I had to update the OpenSSL version in the CI configuration which lives in the same Git repository than Python code base. Since our CI currently runs on unmodified PRs, maybe the 1090 pending pull requests must now be rebased manually on the master branch to get these CI configuration updates. Otherwise, the CI would fail which prevents to merge a PR. I'm not sure at this point.
At least, old PRs with a green CI can be merged. But problems are likely to arise if a reviewer requires changes and the CI is re-run on the update PR. The PR may pick the old CI configuration (old OpenSSL version) and fail badly...
Having to rebase 1090 PRs would be very unfortunate... Maybe one solution would be to redesign CIs running on PRs to always rebase them on the up-to-date master branch. There are services like https://mergify.io/ which implement such workflow. Currently, we test "outdated" master: there is a risk that tests fail once the change is rebased on top of the up-to-date master, whereas tests passed on the old master...
Note: fixing multitestssl.py to update the URL of old OpenSSL tarballs doesn't work: again, old PRs don't get magically fixes pushed to master.
--
concurrent.futures no longer uses daemon threads.
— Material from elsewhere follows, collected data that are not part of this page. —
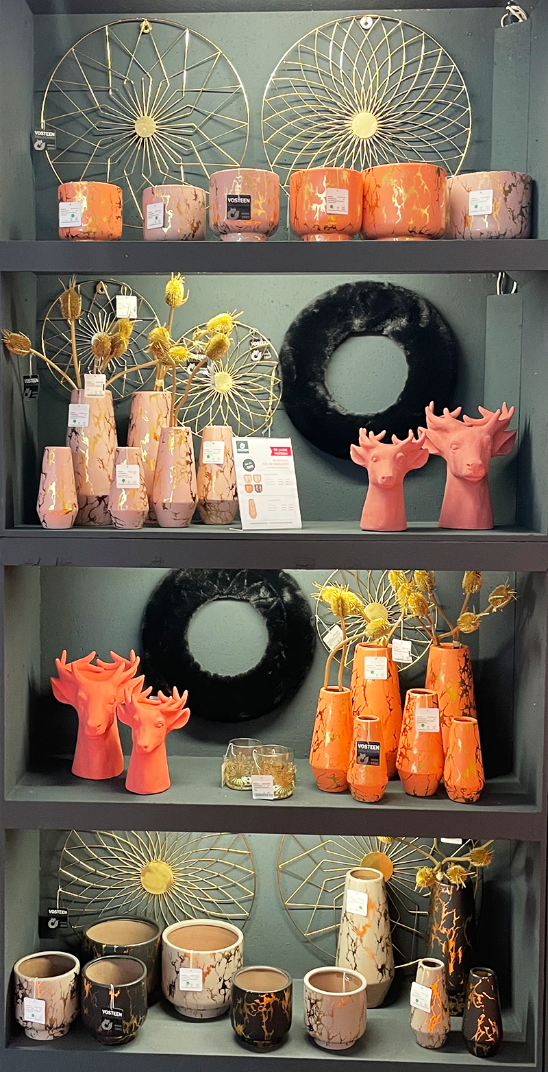 Our aim at Trendset Munich 2023 was to inspire visitors with innovative ideas and unique designs. Our stand in Hall A1 became a place of inspiration and invited visitors to immerse themselves in the magical world of floristry. From stylish vases and plant pots to artistic flower arrangements and seasonal decorations. Autumnal hues such as warm red and green, as well as bright orange and neon yellow took center stage – we presented a wide, colorful range of high-quality lifestyle and florist supplies for the autumn and winter 2023 season.
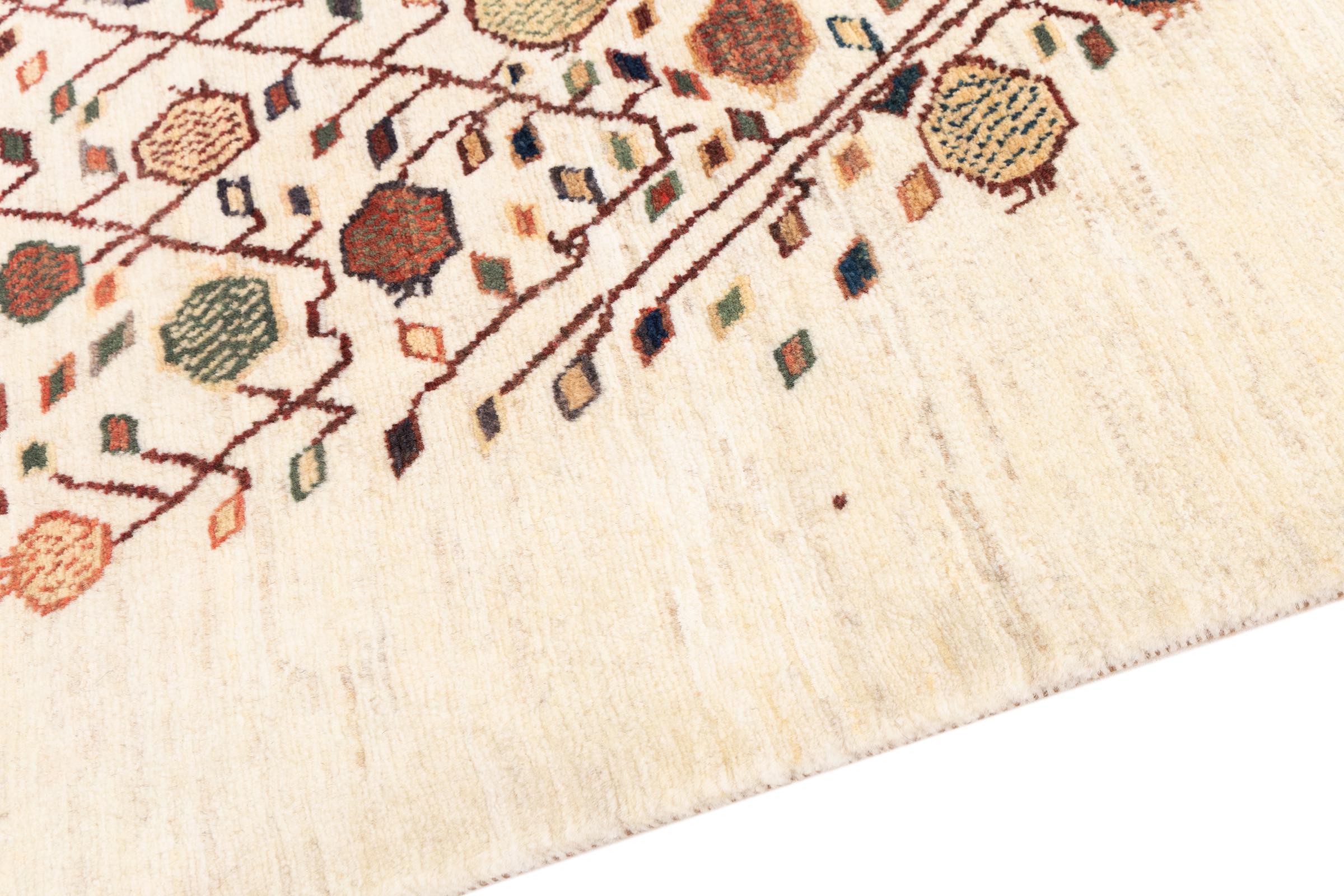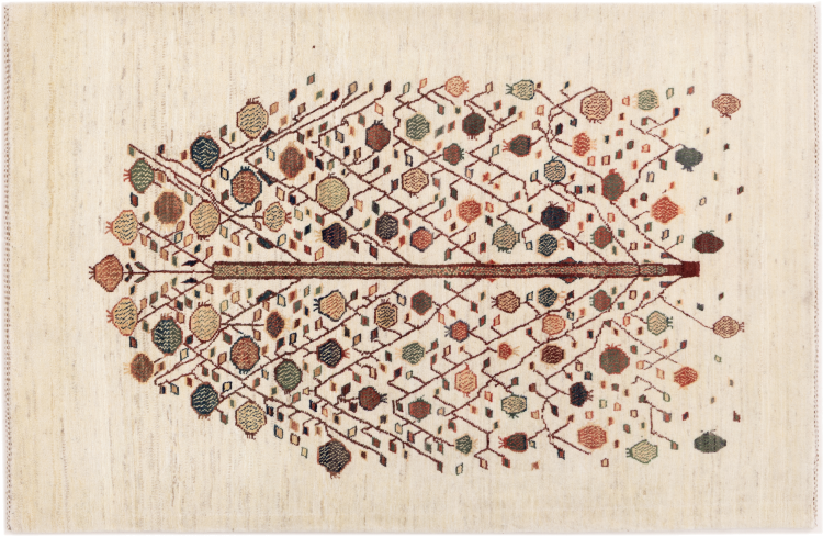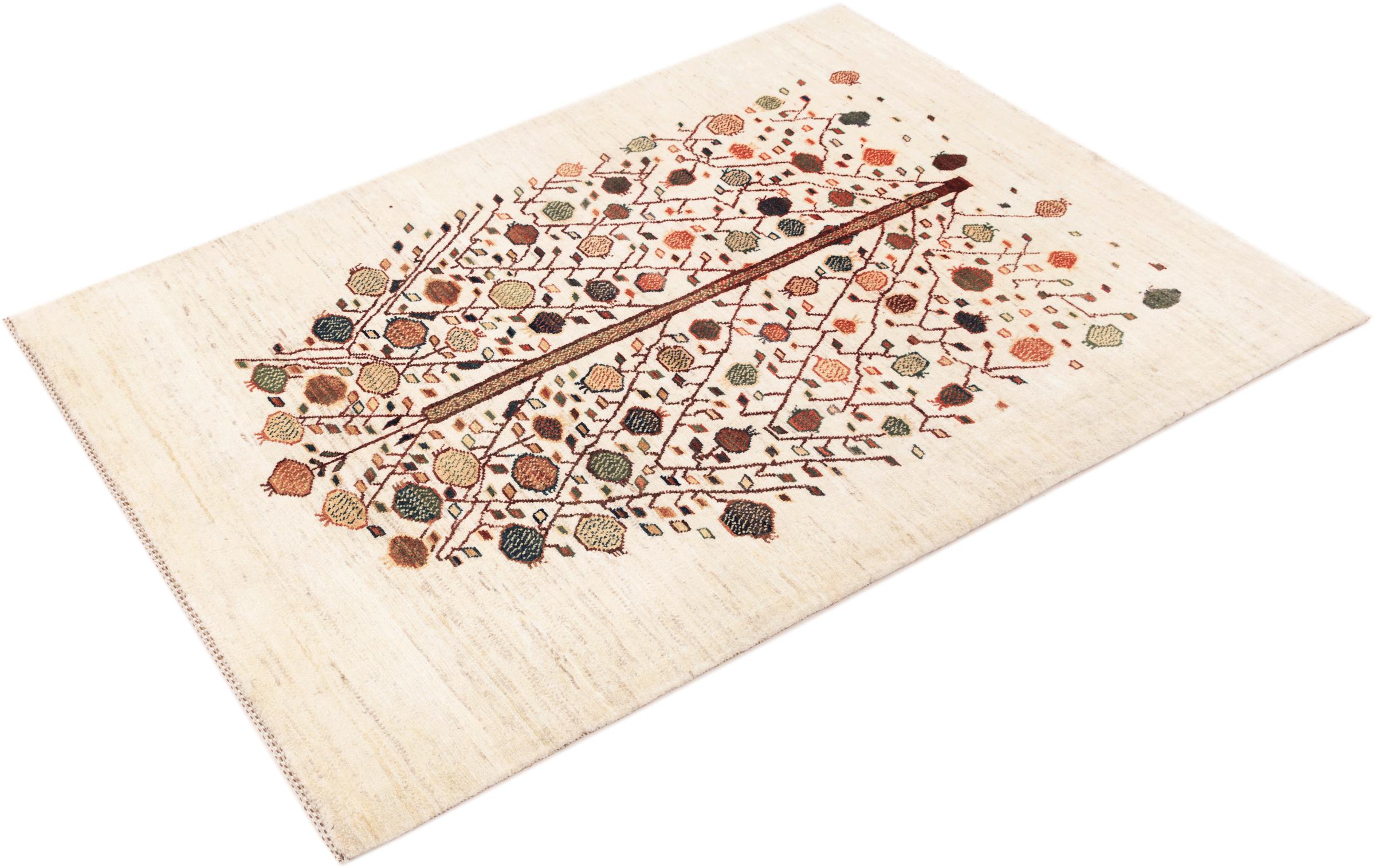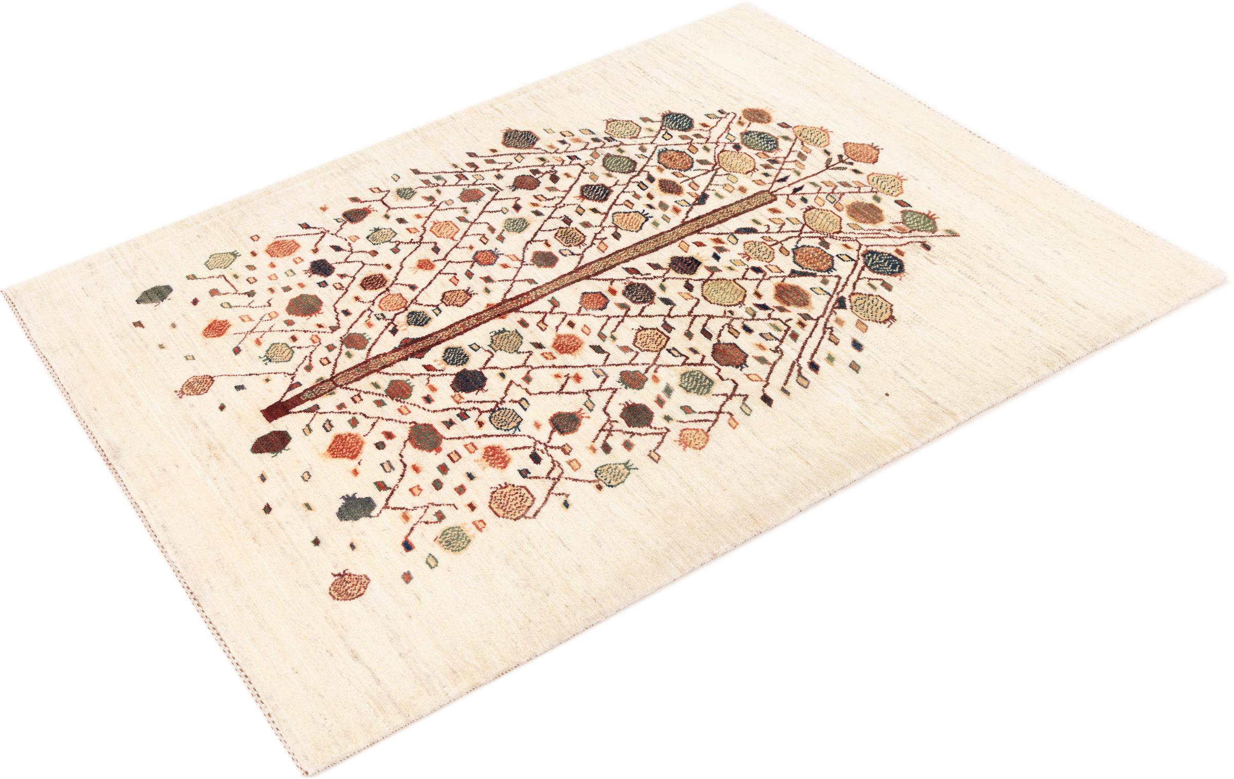 Dette smukke tæppe er en persisk Gabbeh og er en af ​​de højeste kvalitet Gabbeh tæpper. Tæpper er knyttet af nomader eller semi-nomader i Iran ved hjælp af traditionelt håndværk. De enkle motiver og mønstre er for det meste inspireret af nomadernes umiddelbare omgivelser. F.eks. Kan kameler, træer eller buske findes på traditionelle tæpper. Persiske Gabbeh-tæpper er lavet af uld fra lokale fårbesætninger. Ulden er derfor for det meste spundet for hånd. Hver af disse orientalske tæpper udgør en unik karakter af århundreder gammel kultur.
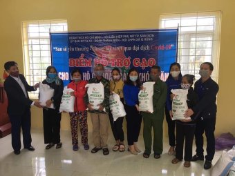 Thanh niên thành phố Thanh Hóa phát gạo cho người dân bị ảnh hưởng bởi dịch Covid-19.
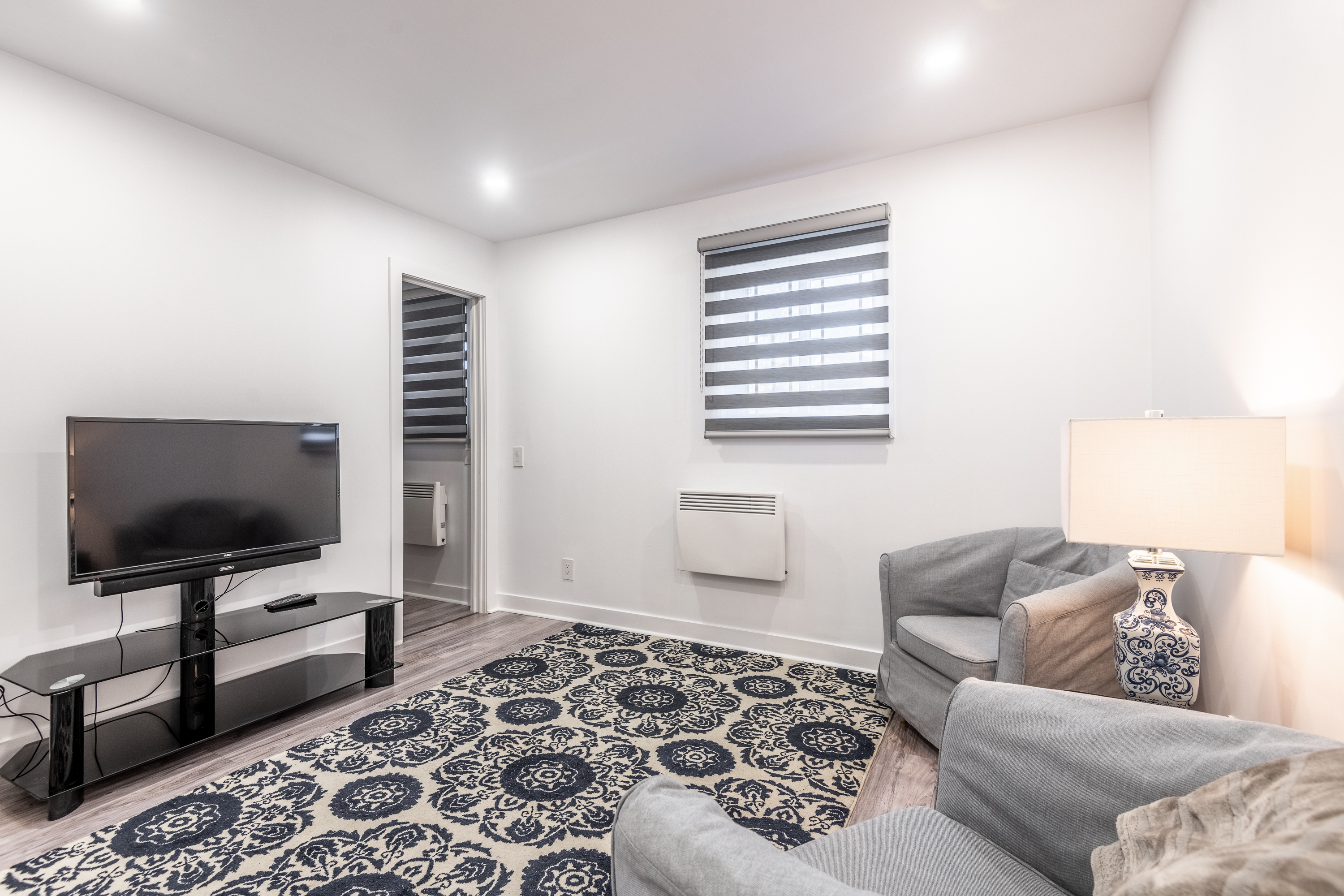 Doté d’une configuration semi-sous-sol, cet espace présente une cuisine spacieuse, équipée d’un lave-vaisselle pour simplifier votre quotidien, deux (2) chambres à coucher et 1 espace de bureau ( ou salle a manger). Découvrez également un salon intime, soigneusement fermé par une porte, offrant un accès direct à la cour arrière grâce à une porte patio. L’aménagement astucieux crée une atmosphère chaleureuse et conviviale, parfaite pour vos moments de détente.
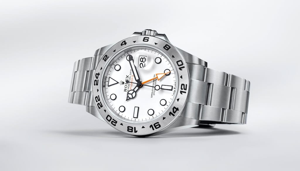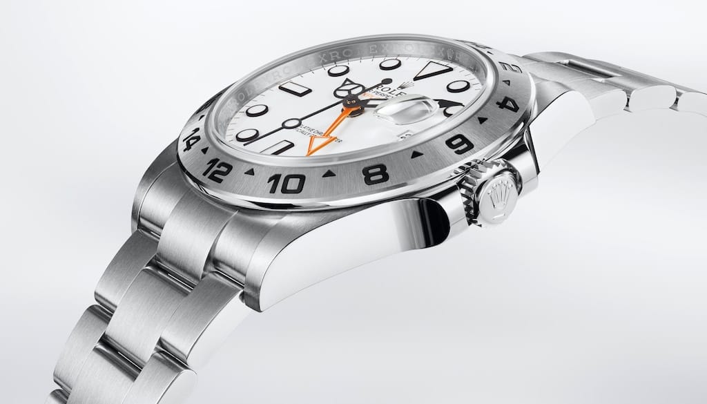 La déclinaison présentée affiche un cadran laqué blanc, sur lequel les index avec revêtement noir par technique PVD (Physical Vapour Deposition) et les aiguilles des heures, des minutes et des secondes laquées noires se distinguent par un rendu mat. L’aiguille 24 heures conserve son emblématique couleur orange, teinte dans laquelle le nom « Explorer II » est inscrit sur le cadran depuis 2011.
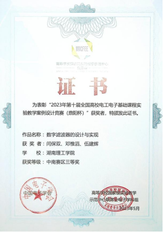 近日,太阳集团tyc151“电子信息与通信技术”国家级实验教学示范中心收到2023年第十届全国高校电工电子基础课程实验教学案例设计竞赛(鼎阳杯)中南赛区获奖证书,示范中心教师邓己媛、陈松、刘翔研制的“基于MC2833和MC13135的窄带通信系统设计与制作”项目和闫保双、邓惟滔、伍建辉老师的“数字滤波器的设计与实现”项目经激烈角逐分别获二等奖和三等奖。
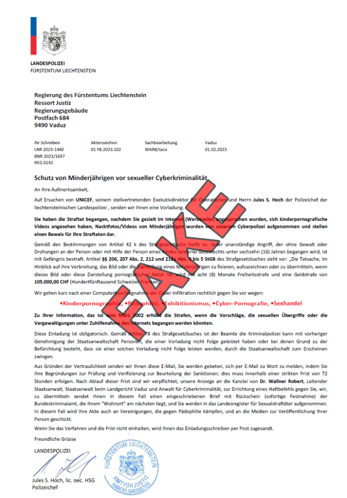 Erneut wurden Emails mit vermeintlichen offiziellen Schreiben der Landespolizei verschickt, in denen die Adressaten unter Pornografieverdacht gestellt werden. Es wird behauptet, man habe unerlaubt pornografische Inhalte konsumiert und sich damit strafbar gemacht. Diese Emails stammen nicht von der Landespolizei und sind gefälscht. Die Landespolizei hat die Ermittlungen aufgenommen und es wird Anzeige bei der liechtensteinischen Staatsanwaltschaft erstatten.
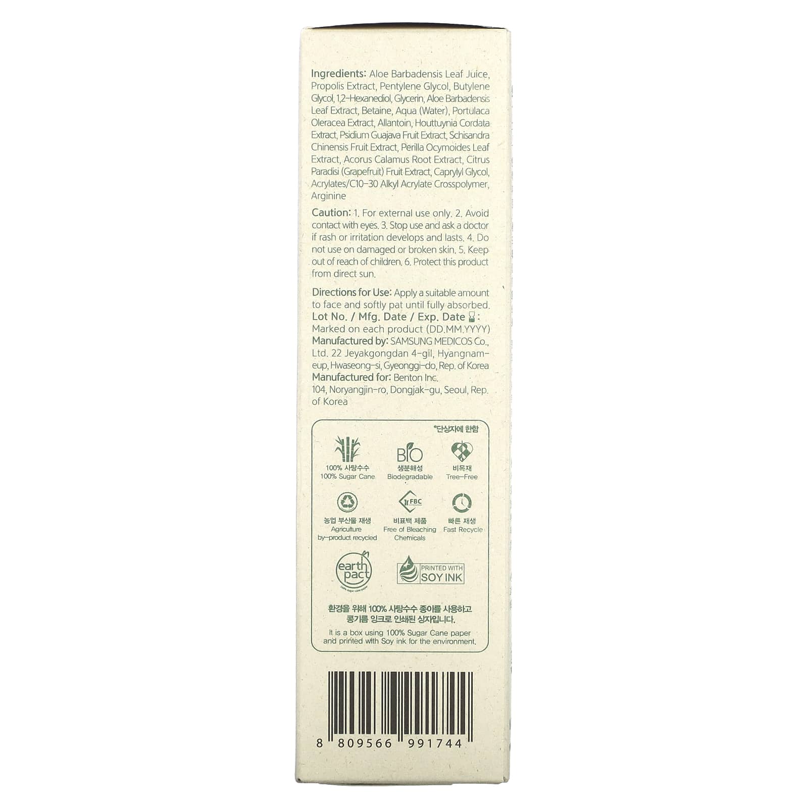 Сок листьев алоэ вера, экстракт прополиса, пентилен гликоль, бутиленгликоль, 1,2-гександиол, глицерин, экстракт листьев алоэ вера (Aloe barbadensis), бетаин, вода, экстракт портулака огородного (Portulaca oleracea), аллантоин, экстракт хауттюйнии сердцевидной (Houttuynia cordata), экстракт плодов гуавы (Psidium guajava), экстракт плодов лимонника китайского (Schizandra chinensis), экстракт листьев периллы (Perilla ocymoides), экстракт корня аира (Acorus calamus), экстракт плодов грейпфрута (Citrus paradisi), каприлилгликоль, кроссполимер акрилатов / С10-30 алкилакрилатов, аргинин.
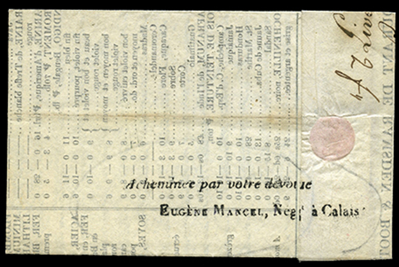 1823 Folded letter and PRICES CURRENT from Liverpool 1 May 1823 to Avignon, carried privately to Calais and placed in the mails there by FORWARDING AGENT Eugene Mancel, Neg. a Calais with very fine strike of their straight
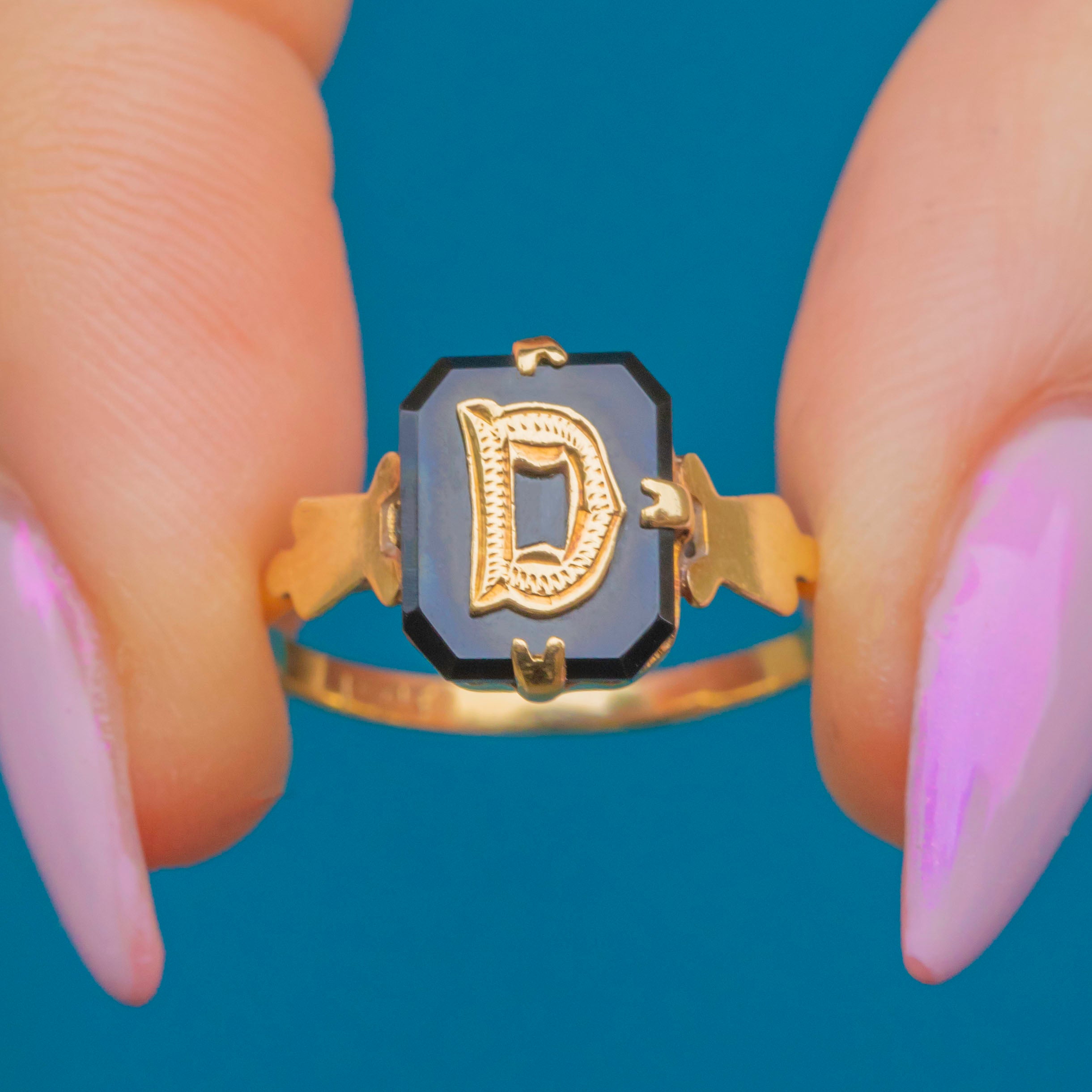Victorian 18ct Gold "D" Initial Onyx Mourning Ring
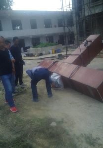 Bitter Winter has learned that, on April 28, 2018, the Long’an District Government in Anyang, Henan, used a crane to demolish the cross of Shenjiagang Church, which was still under construction.

It causes a reference leak in test_asyncio. Kyle Stanley managed to fix it in test_asyncio: https://bugs.python.org/issue40115
--
Adding a module state to the _abc module triggered a reference leak in test_threading: https://bugs.python.org/issue40149
This leak is very unlikely to be a new bug. It's just that previously it was hidden by the fact that all interpreters used the same module instance. regrtest -R 3:3 ignores the 18550 references that Python leaks at exit: it only checks if the total references number changes before/after a test run. When we *fix* modules to get isolated module instances, we start to see old leaks as "new" leaks.
I have a pending workaround, but I'm first trying to investigate why two garbage collections are needed to fix the leak...
--
The URL of the OpenSSL 1.1.1d moved which broke GitHub actions jobs, Azure Pipelines and Travis CI. Not all CIs failed at once because of different caches with different lifetime.
- https://bugs.python.org/issue40146 Azure
- https://bugs.python.org/issue40162 Travis CI
- https://bugs.python.org/issue40125 multissltests
I also proposed to modify multissltests to attempt to get the tarball from a different URL. Christian Heimes proposed a fix: https://bugs.python.org/issue40163
--
I enhanced tests to detect when a child process does crash. Previously, only FreeBSD *indirectly* detected such crash by the creation of coredump files.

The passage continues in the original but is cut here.